• [WHAT TO PRODUCE]: What you return must be the lines from the first one below through the one containing "7月27-29日,由教育部高", exactly and with pictures excluded.
━━━━━ SUPPLIED RECORDS ━━━━━
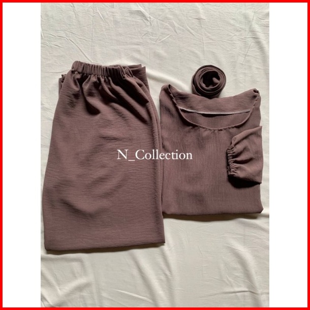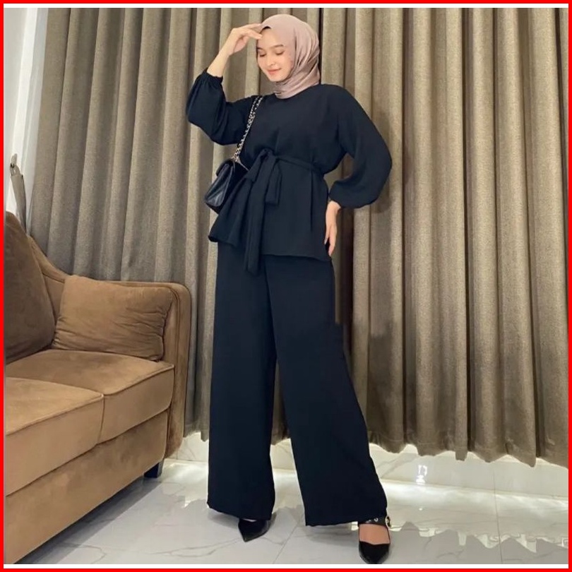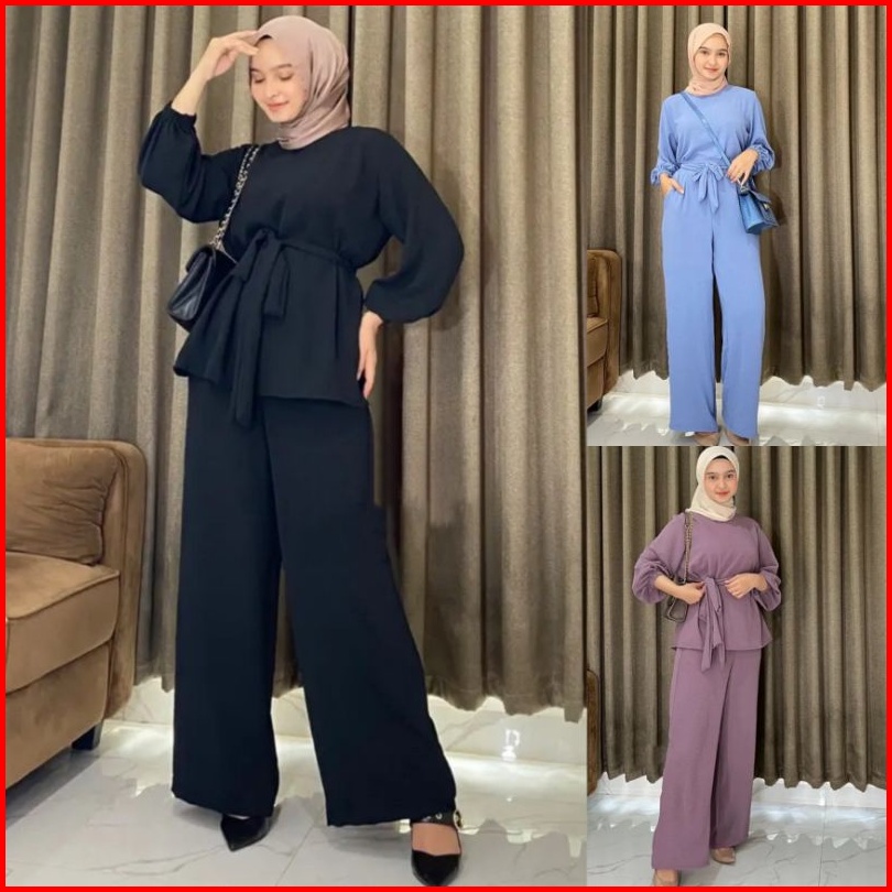 One Set Polos Crinkle Airflow Premium - Setelan Celana Dan Blouse Tali Wanita
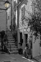 Roquebrune ligt aan de Franse riviera tussen Monaco en Menton. Het is een eeuwenoud dorpje met een als bekendste gebouw het karolingische kasteel uit de 10e eeuw. Dit werk toont één van de romantische straatjes bij het kasteel. Dit werk is zowel in kleur als zwart wit verkrijgbaar.
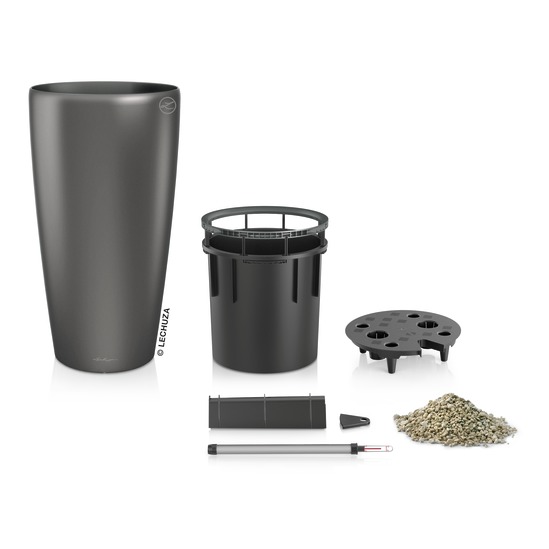 Samozavlažovací květináč Lechuza Rondo 40 je velký květináč sloupovitého tvaru s kulatým profilem. K dispozici v několika barevných odstínech. Komplet obsahuje květináč, vyjímatelnou sázecí vložku, ozdobný krycí rámeček a samozavlažovací set se sáčkem Lechuza PON na drenážní vrstvu.
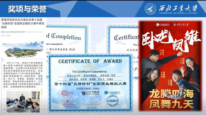 朱煜明教授宣读了二等奖获奖名单,并对所有获奖团队表示祝贺。Cesim中国西北服务中心负责人付玲老师表示,西工大的“尖烽时刻”校园赛通过赛教结合模式,促教利企,真正意义上实现“教学研用”相结合。商业模拟是经典的商科管理教育模式之一,本次“尖烽时刻”商业模拟校园赛,“以赛促教,以赛促学,以赛促创”,为学生搭建了学术交流与商业实践的平台,激发了学生的商业潜能,学以致用,锻炼了学生团队协作和积极应变能力,为培养复合应用型管理人才奠定了良好的基础。
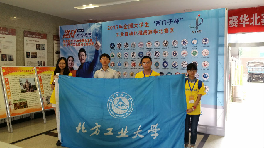 7月27-29日,由教育部高等学校自动化类专业教学指导分委员会、西门子(中国)有限公司和中国系统仿真学会联合主办的2015年全国大学生“西门子杯”工业自动化挑战赛华北赛区竞赛在北京交通大学隆重举行。由我校电气与控制工程学院李超老师指导,控制研13级胡光耀、电气13级兰馨蕊、方乐乐组成的 “NCUT科慧德”队从今年年初开始在学校和学院的大力支持下积极准备,反复优化完善,最终获得设计开发型赛项华北赛区一等奖,同时获得参加8月20日-22日全国总决赛的资格。
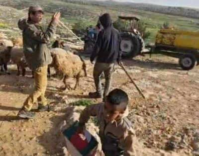 The incident occurred when the soldiers attacked several Palestinian shepherds, including children, after they invaded Khirbet Ghuwein Bedouin community near as-Samu’ town.
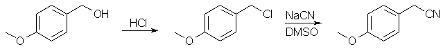 p-Anisyl alcohol (100 g, 0.725 mole) was shaken with 500 ml of concd HCl for 2 min. The organic phase was washed with H20, 5% NaHCO3 and H2O then added over 40 min to a stirred slurry of 49 g (1.0 mole) of NaCN in 400 ml of DMSO [2], with ice-water cooling to maintain the temp at 35-40°. After addition was complete, the cooling bath was removed, the mixture was stirred for 90 min and then added to 300 ml of H20, and the small upper phase separated. The aqueous DMSO layer was extracted with two 100-ml portions of Et2O which were combined with the product layer, and the whole was washed once with H20 and dried (MgSO4). p-Methoxy-phenylethylamine
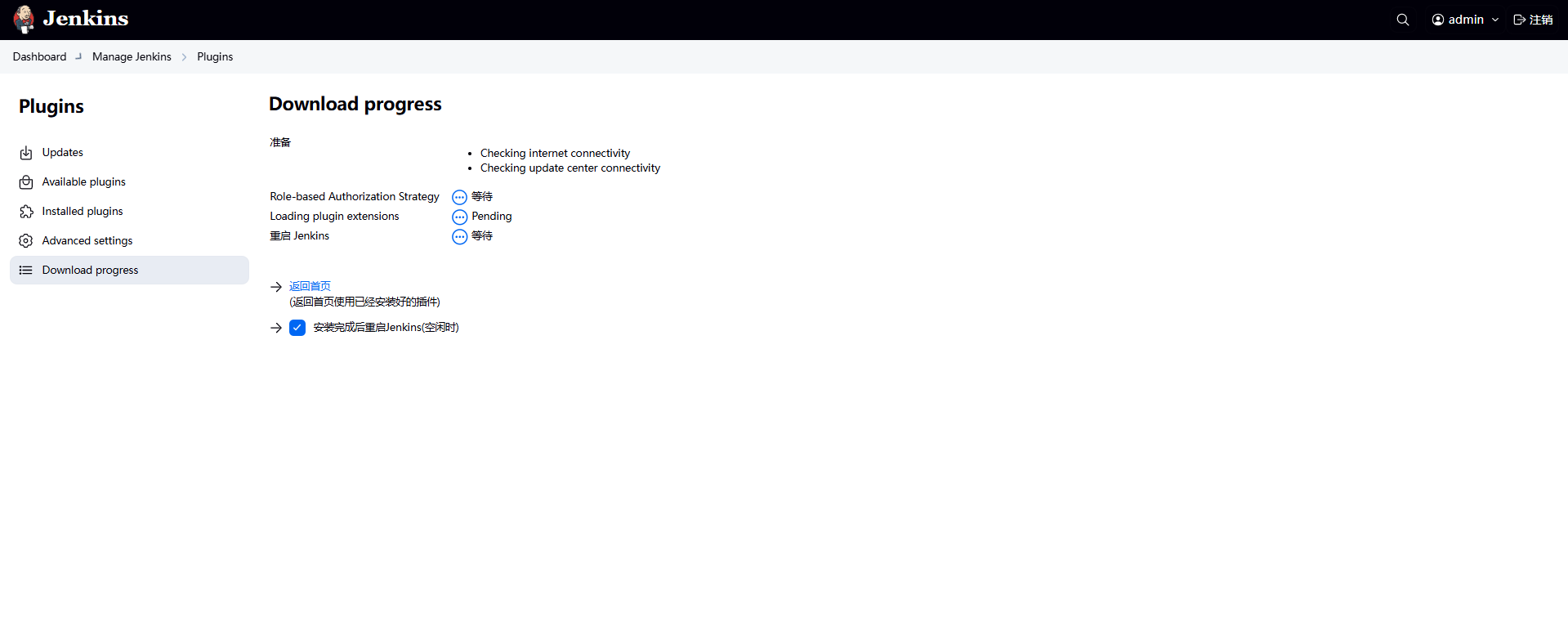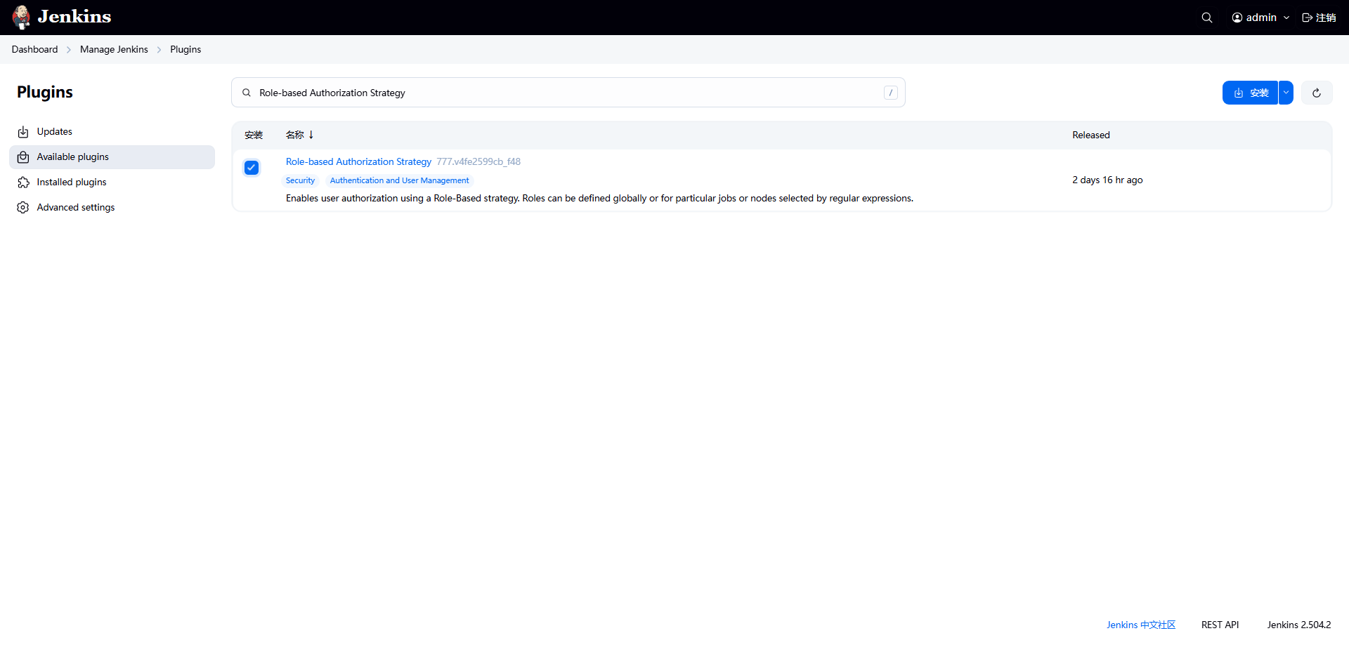 系统管理 → 管理插件 → 可用插件 → 输入Role-based Authorization Strategy
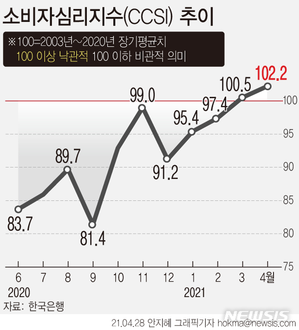 [서울=뉴시스] 28일 한국은행에 따르면 4월 소비자심리지수(CCSI)는 102.2로 전월대비 1.7포인트 상승했다. (그래픽=안지혜 기자)
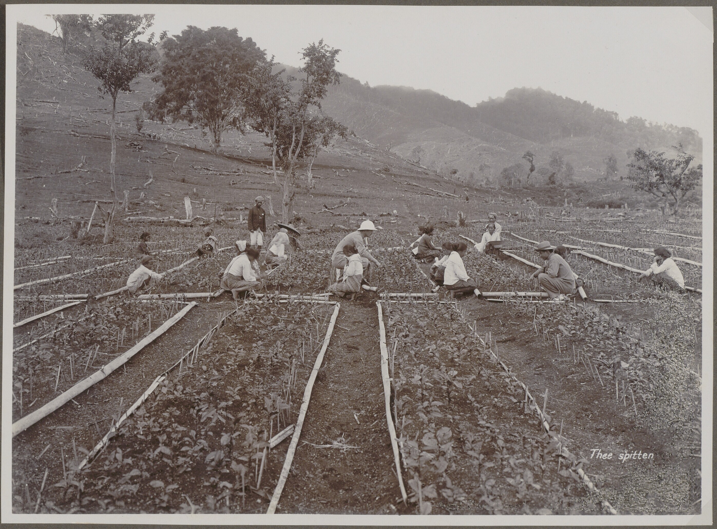 Een groep Javaanse arbeiders onder leiding Europese ...
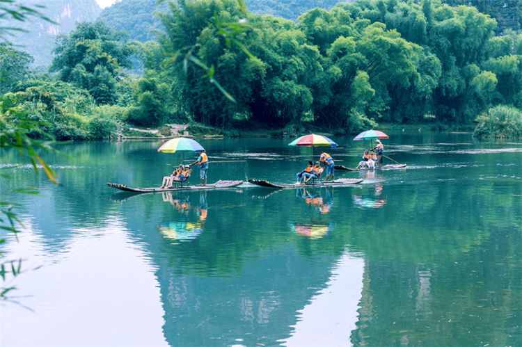 途中会经过遇龙河码头,想体验乘坐竹筏的队友,可现场咨询领队。乘竹筏在遇龙河上可以慢慢品味这秀美的山水田园。
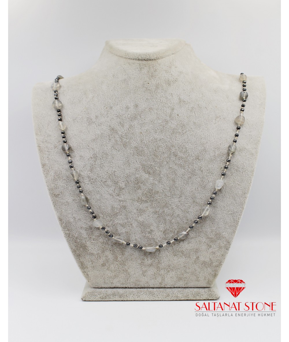 Labradorit ve Lav Taşı Bayan Kolye - BSR02120BK
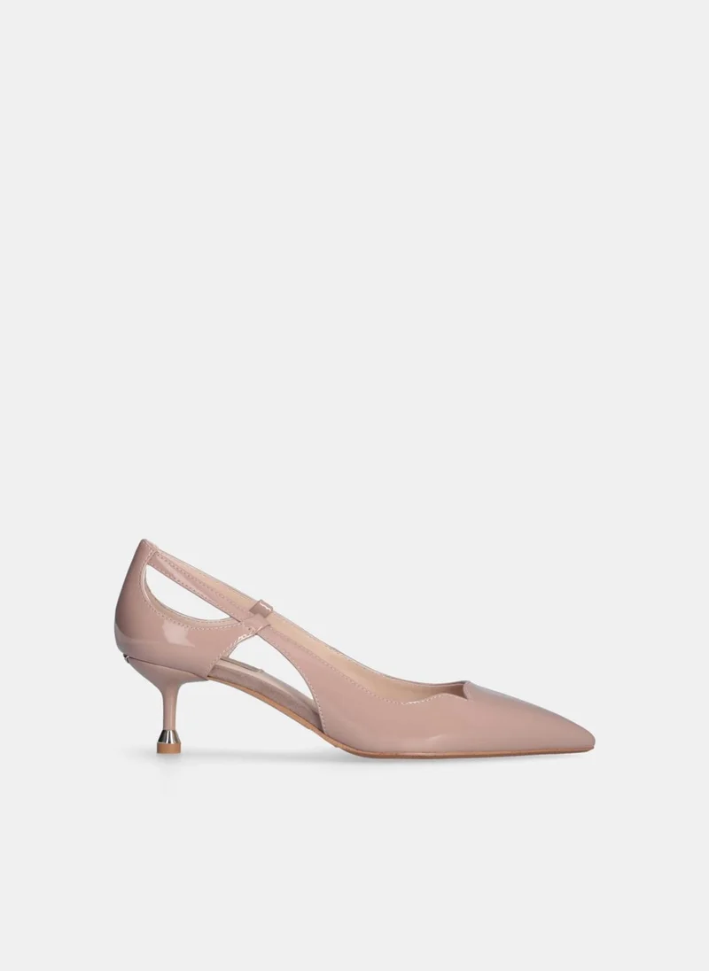 Leather court shoe with low heel.
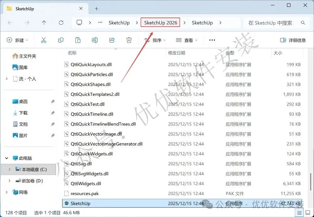 10、点击路径上的【SketchUp 2026】
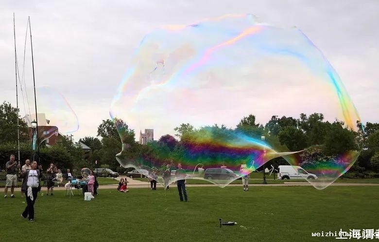 那么,世界上最大的肥皂泡到底有多大呢?目前的吉尼斯世界纪录是GARY PEARLMAN在2015年创造的,他用巨大的蘸有泡泡溶液的线框成功制造出了一个体积约有96.27立方米的巨大泡泡:
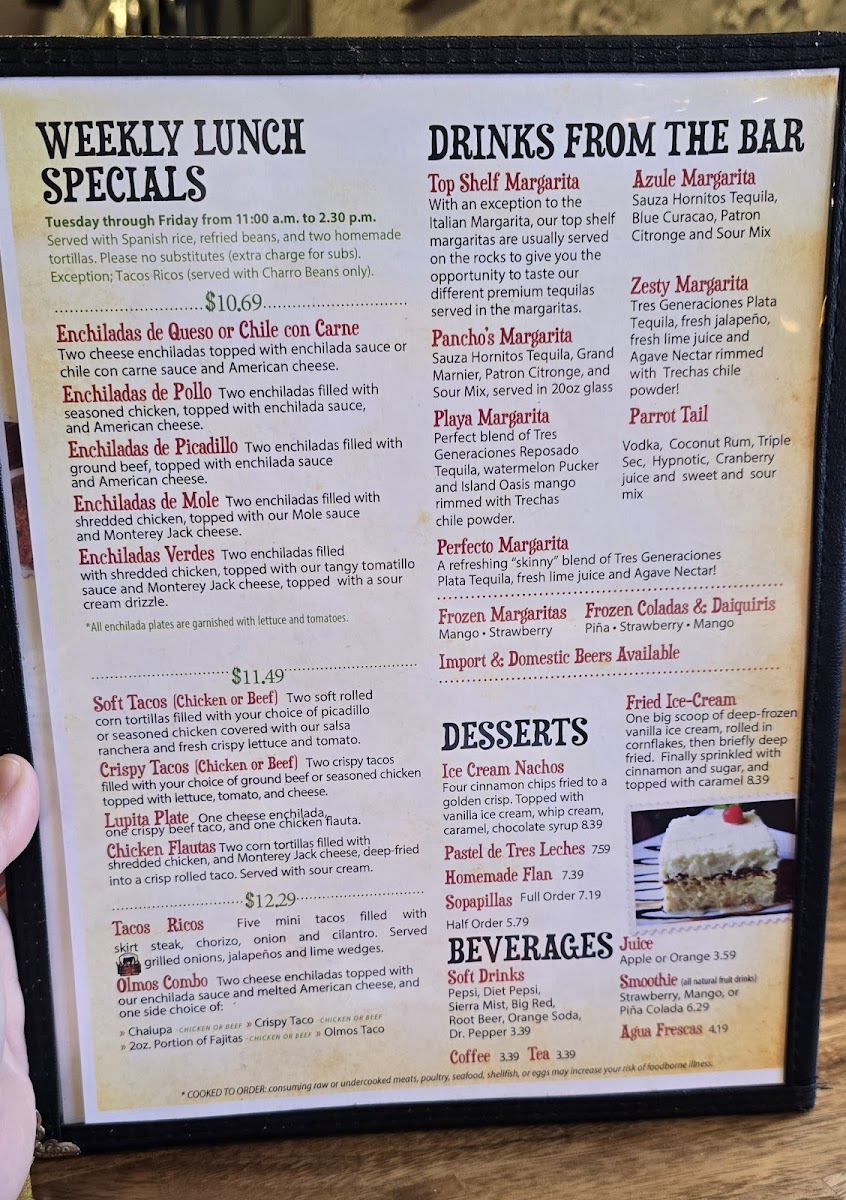 “ Service was fantastic and food was delicious. We started with queso and a Raspa Rita Flight... Then we got chicken fajitas and the Pancho's combo with an Olmos Taco. We'll definitely be back! ”
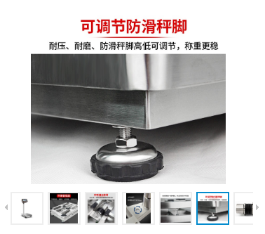 · 高度強不銹鋼304包橡膠可調(diào)秤腳,有效防止稱重時電子秤移動偏移造成重量偏差。
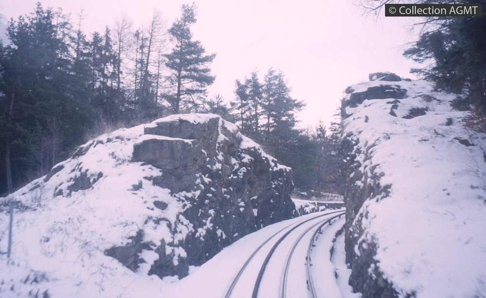 PermalinkTronçon de voie à crémaillère du MC entre Salvan et Vernayaz, vu depuis l'arrière d'un train descendant / François Chapuis
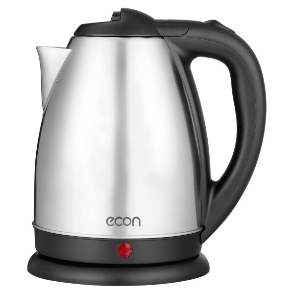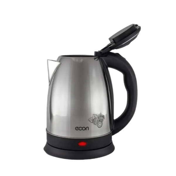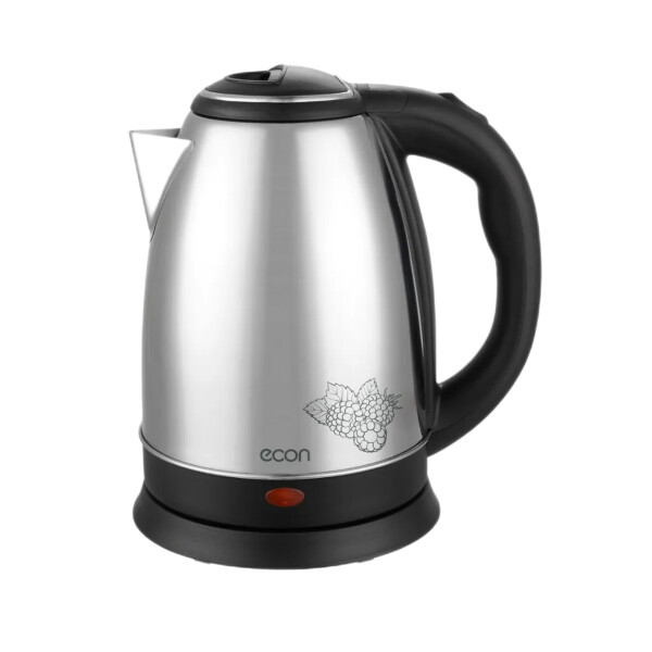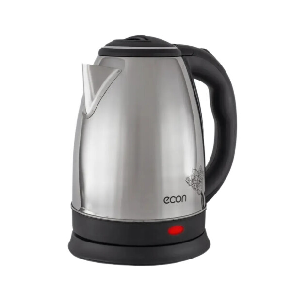 Этот электрический чайник от компании Econ быстро нагреет воду и сам отключится после закипания. Его емкость составляет 1,8 литра, а мощность 1850 Ватт, в качестве нагревательного элемента выступает металлический диск расположенный на дне чайника. Крышка открывается вручную, чайник вращается на 360 градусов относительно подставки. Есть индикация включения чайника, шнур убирается в подставку, также стоит защита от включения при отсутствии воды.
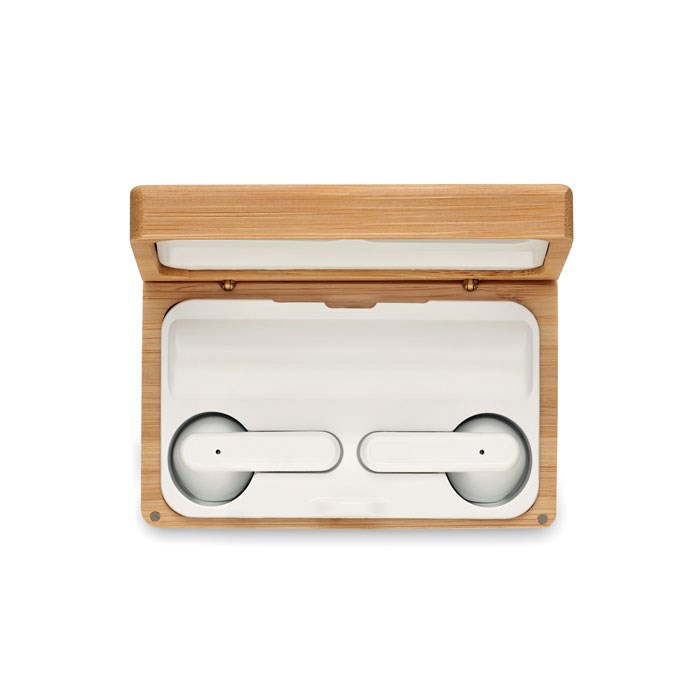 5.3 TWS True Wireless Stereo Ohrhörer-Set mit Mikrofon im Bambuscase. Inkl. 1200 mAh Powerbank... mehr
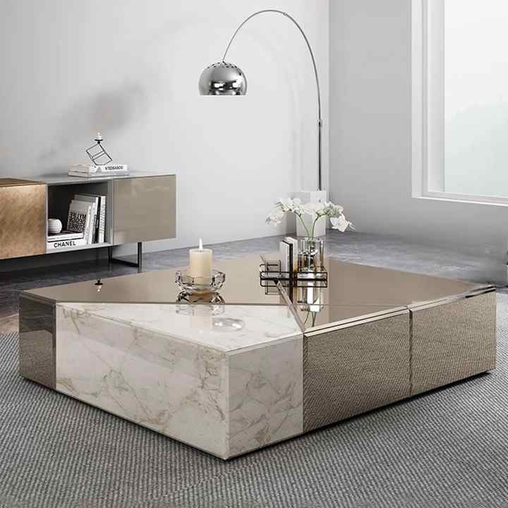 Plinthe basse en marbre personnalisé Table basse de luxe pour salon en pierre de marbre naturelle personnalisée de luxe en acier inoxydable
━━━━━
• [RESULT FOR THIS TASK]:
 One Set Polos Crinkle Airflow Premium - Setelan Celana Dan Blouse Tali Wanita
 Roquebrune ligt aan de Franse riviera tussen Monaco en Menton. Het is een eeuwenoud dorpje met een als bekendste gebouw het karolingische kasteel uit de 10e eeuw. Dit werk toont één van de romantische straatjes bij het kasteel. Dit werk is zowel in kleur als zwart wit verkrijgbaar.
 Samozavlažovací květináč Lechuza Rondo 40 je velký květináč sloupovitého tvaru s kulatým profilem. K dispozici v několika barevných odstínech. Komplet obsahuje květináč, vyjímatelnou sázecí vložku, ozdobný krycí rámeček a samozavlažovací set se sáčkem Lechuza PON na drenážní vrstvu.
 朱煜明教授宣读了二等奖获奖名单,并对所有获奖团队表示祝贺。Cesim中国西北服务中心负责人付玲老师表示,西工大的“尖烽时刻”校园赛通过赛教结合模式,促教利企,真正意义上实现“教学研用”相结合。商业模拟是经典的商科管理教育模式之一,本次“尖烽时刻”商业模拟校园赛,“以赛促教,以赛促学,以赛促创”,为学生搭建了学术交流与商业实践的平台,激发了学生的商业潜能,学以致用,锻炼了学生团队协作和积极应变能力,为培养复合应用型管理人才奠定了良好的基础。
 7月27-29日,由教育部高等学校自动化类专业教学指导分委员会、西门子(中国)有限公司和中国系统仿真学会联合主办的2015年全国大学生“西门子杯”工业自动化挑战赛华北赛区竞赛在北京交通大学隆重举行。由我校电气与控制工程学院李超老师指导,控制研13级胡光耀、电气13级兰馨蕊、方乐乐组成的 “NCUT科慧德”队从今年年初开始在学校和学院的大力支持下积极准备,反复优化完善,最终获得设计开发型赛项华北赛区一等奖,同时获得参加8月20日-22日全国总决赛的资格。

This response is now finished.